### DATA IN THIS EXERCISE
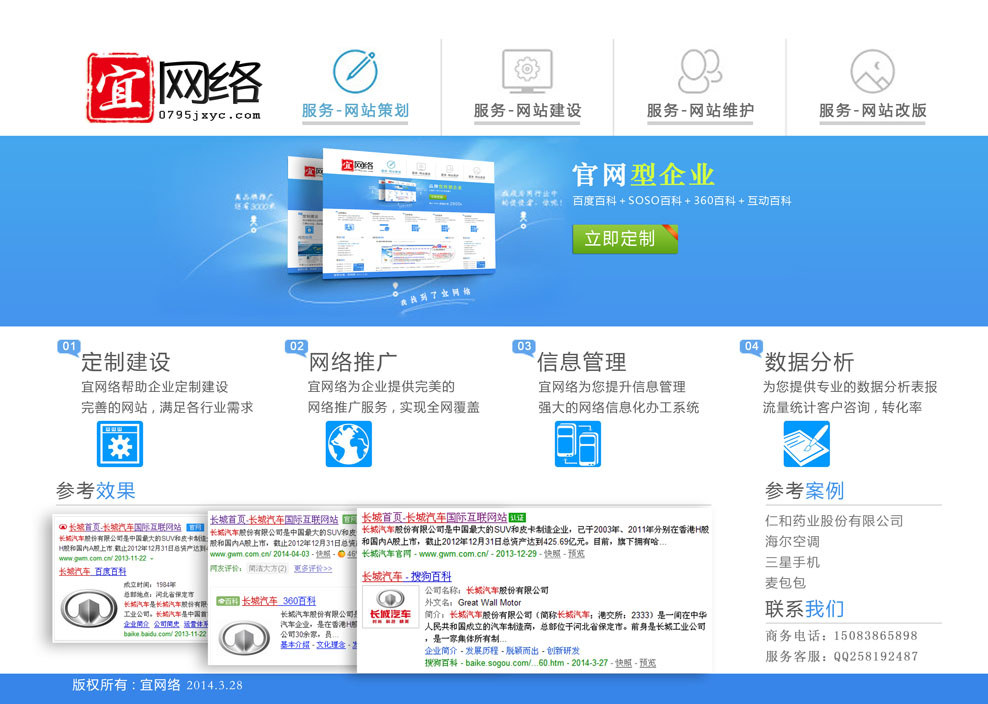 3)、明確自己的競(jìng)爭(zhēng)優(yōu)勢(shì) 你的網(wǎng)上、網(wǎng)下競(jìng)爭(zhēng)對(duì)手是誰(shuí)?(網(wǎng)上競(jìng)爭(zhēng)對(duì)手可以通過(guò)搜索引擎查找),與他們相比,您在商品、價(jià)格、服務(wù)、品牌、配送渠道等方面有什么優(yōu)勢(shì)?競(jìng)爭(zhēng)對(duì)手的優(yōu)勢(shì)你能否學(xué)習(xí)?如何根據(jù)自己的競(jìng)爭(zhēng)優(yōu)勢(shì)來(lái)確定你的營(yíng)銷戰(zhàn)略?例如:搜索“宜春網(wǎng)站建設(shè)”“宜春網(wǎng)站制作”“宜春網(wǎng)絡(luò)公司”等宜春相關(guān)關(guān)鍵詞,都可以看到我們宜網(wǎng)網(wǎng)絡(luò)傳媒有限公司的網(wǎng)站,域名是:http://m.zhongfanghz.com,如果您方便的話,現(xiàn)在可以搜索“宜春網(wǎng)站建設(shè)”體驗(yàn)一下關(guān)鍵詞所帶來(lái)的魅力。
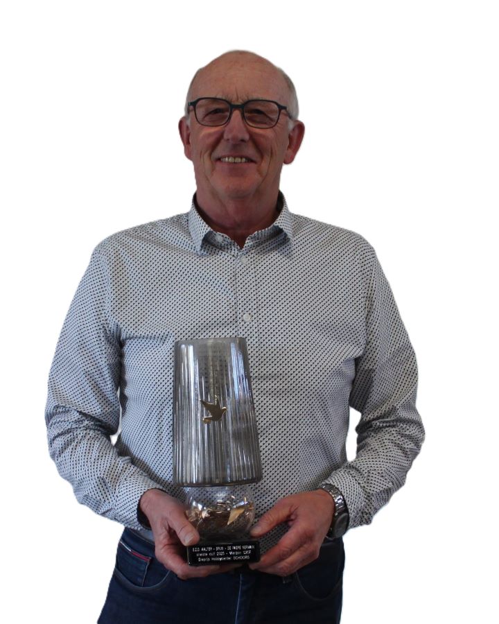Te winnen met de 1ste en de 2de afgegeven duif op de lokale dubbeling van alle provinciale en nationale zware halve fond vluchten vanaf 17/05 tot en met Argenton van 19/07.
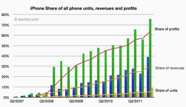 Asymco也关注了iPhone的发货量、营收和利润三个维度的增长。可以发现,iPhone利润份额的增长速度远超其营收的增长。这张图表是依据主要的8家移动厂商数据绘制的,因此与全球市场的实际比重有出入,不过仍然很好地反映了iPhone的增长势头。
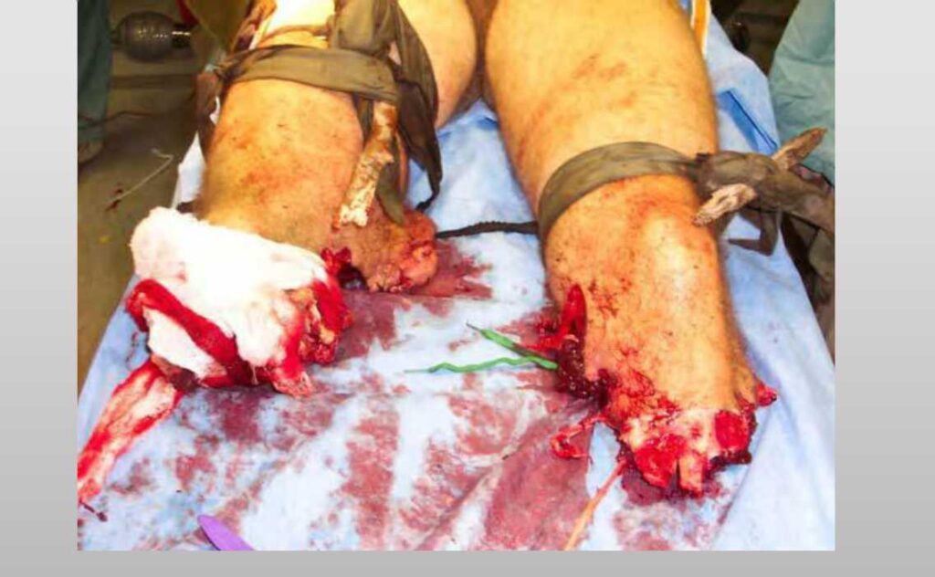 Цей тип ран найчастіше спричинений “розтяжками” (саморобними вибуховими пристроями)
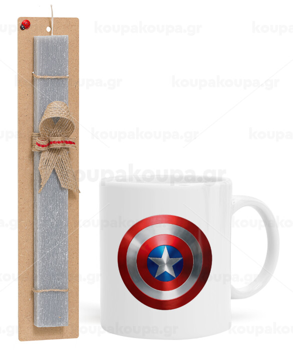 Captain America, Πασχαλινή Λαμπάδα με Κούπα κεραμική (330ml) & κερί αρωματικό πλακέ (30cm) (ΓΚΡΙ)
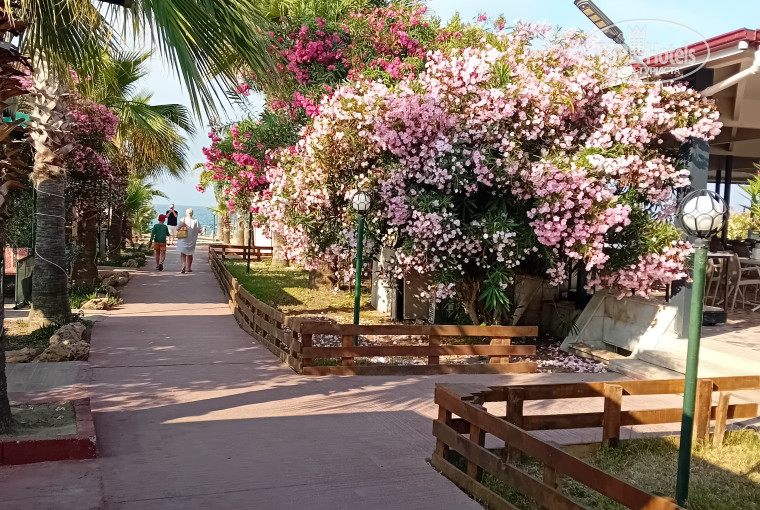 Отдыхали в отеле в сентябре 2024г.и решили вернуться в июне 2025.Да,в том году не очень понравилось,было много минусов по питанию.Выбор блюд был меньше,в этом году больше зелени,овощей,пироженых,разнообразней еда.На завтрак всегда оладьи,яичница(раньше что-то одно!).Радует,что в столовой напитки стали наливать только в стекло,а не в одноразовые стаканчики,как в том году.Кроме яблок и апельсин появились арбузы.В этом году жили в 18 домике,уборка заключалась в выносе мусора,замене полотенец ,за 10 дней один раз поменяли белье.Да,теперь не дают мороженое,как раньше,нет гезлеме.Зато в лавке в отеле мороженое за деньги,на любой вкус.Территория очень зеленая,пляж отличный,море спокойное,если плавать в бухте соседнего отеля-собственно ради него мы сюда и летим!Анимация отличная,целый день какая то движуха,вечером мини диско и вечернее шоу.Мурат отдается на все 100%,респект ему!В отеле много иностранцев отдыхает,раньше меньше было.Отель находится в Конаклы-,отличный район.В шаговой лоступности магазины,торговые центры,аптеки,ночной клуб.Рядом остановка,можно самим съездить в Аланию.На ресепшен работают очень отзывчивые сотрудники,всегда помогут,Сабрина хорошо говорит по русски,ребята через переводчик общаются.С удовольствием вернусь в этот отель еще и в 3ий раз!
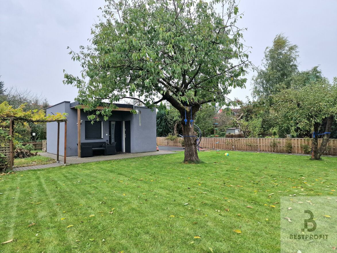 Jest tam altana, oraz murowany domek gospodarczy i plac zabaw z nawierzchnią z tartanu. W budynku pokój z aneksem kuchennym oraz łazienka, a na zewnątrz instalacja alarmowa i kamery.
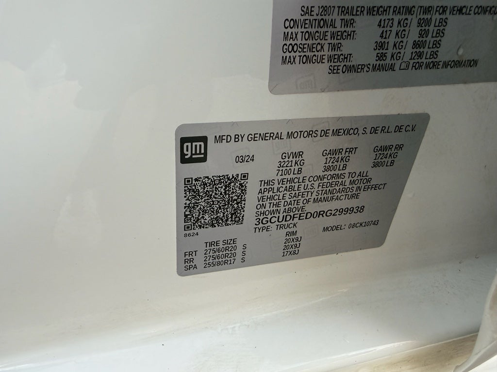 Preferred Equipment Group 2LT: HD Rear Vision Camera; LED Cargo Area Lighting; Rear 60/40 Folding Bench Seat (folds Up); Cloth Seat Trim; SiriusXM with 360L; Bluetooth® For Phone; Electrical Steering Column Lock; Trailering Package; Standard Tailgate; Front LED Fog Lamps; Suspension Package; Steering Wheel Audio Controls; Color-Keyed Carpeting Floor Covering; OnStar and Chevrolet Connected Services Capable; Power Front Windows with Passenger Express Down; Inside Rearview Mirror with Tilt; 2-Speed Transfer Case; Deep-Tinted Glass; 12.3" Multicolor Reconfigurable Digital Display; 6-Speaker Audio System; All-Weather Floor Liner; High Gloss Black Mirror Caps; Electronic Cruise Control; Power Rear Windows with Express Down; Chevy Safety Assist; Performance Red Recovery Hooks; Power Front Windows with Driver Express Up/down; EZ Lift Power Lock and Release Tailgate; Convenience Package; Auto-Locking Rear Differential; Heated Power-Adjustable Outside Mirrors. Off-Road Assist Steps. 20" X 9" High Gloss Black Painted Aluminum Wheels. Front Bucket Seats. 275/60R20SL AT BW Tires. **Equipment listed is based on original vehicle build and subject to change. Please confirm the accuracy of the included equipment by calling the dealer prior to purchase.**

### GOAL OF THE EXERCISE
Would you set down only the lines above from the line with "Asymco也关注了iPho" to the line with "Отдыхали в отеле", both included, exactly as they stand and without the pictures?

### ANSWER SECTION
 Asymco也关注了iPhone的发货量、营收和利润三个维度的增长。可以发现,iPhone利润份额的增长速度远超其营收的增长。这张图表是依据主要的8家移动厂商数据绘制的,因此与全球市场的实际比重有出入,不过仍然很好地反映了iPhone的增长势头。
 Цей тип ран найчастіше спричинений “розтяжками” (саморобними вибуховими пристроями)
 Captain America, Πασχαλινή Λαμπάδα με Κούπα κεραμική (330ml) & κερί αρωματικό πλακέ (30cm) (ΓΚΡΙ)
 Отдыхали в отеле в сентябре 2024г.и решили вернуться в июне 2025.Да,в том году не очень понравилось,было много минусов по питанию.Выбор блюд был меньше,в этом году больше зелени,овощей,пироженых,разнообразней еда.На завтрак всегда оладьи,яичница(раньше что-то одно!).Радует,что в столовой напитки стали наливать только в стекло,а не в одноразовые стаканчики,как в том году.Кроме яблок и апельсин появились арбузы.В этом году жили в 18 домике,уборка заключалась в выносе мусора,замене полотенец ,за 10 дней один раз поменяли белье.Да,теперь не дают мороженое,как раньше,нет гезлеме.Зато в лавке в отеле мороженое за деньги,на любой вкус.Территория очень зеленая,пляж отличный,море спокойное,если плавать в бухте соседнего отеля-собственно ради него мы сюда и летим!Анимация отличная,целый день какая то движуха,вечером мини диско и вечернее шоу.Мурат отдается на все 100%,респект ему!В отеле много иностранцев отдыхает,раньше меньше было.Отель находится в Конаклы-,отличный район.В шаговой лоступности магазины,торговые центры,аптеки,ночной клуб.Рядом остановка,можно самим съездить в Аланию.На ресепшен работают очень отзывчивые сотрудники,всегда помогут,Сабрина хорошо говорит по русски,ребята через переводчик общаются.С удовольствием вернусь в этот отель еще и в 3ий раз!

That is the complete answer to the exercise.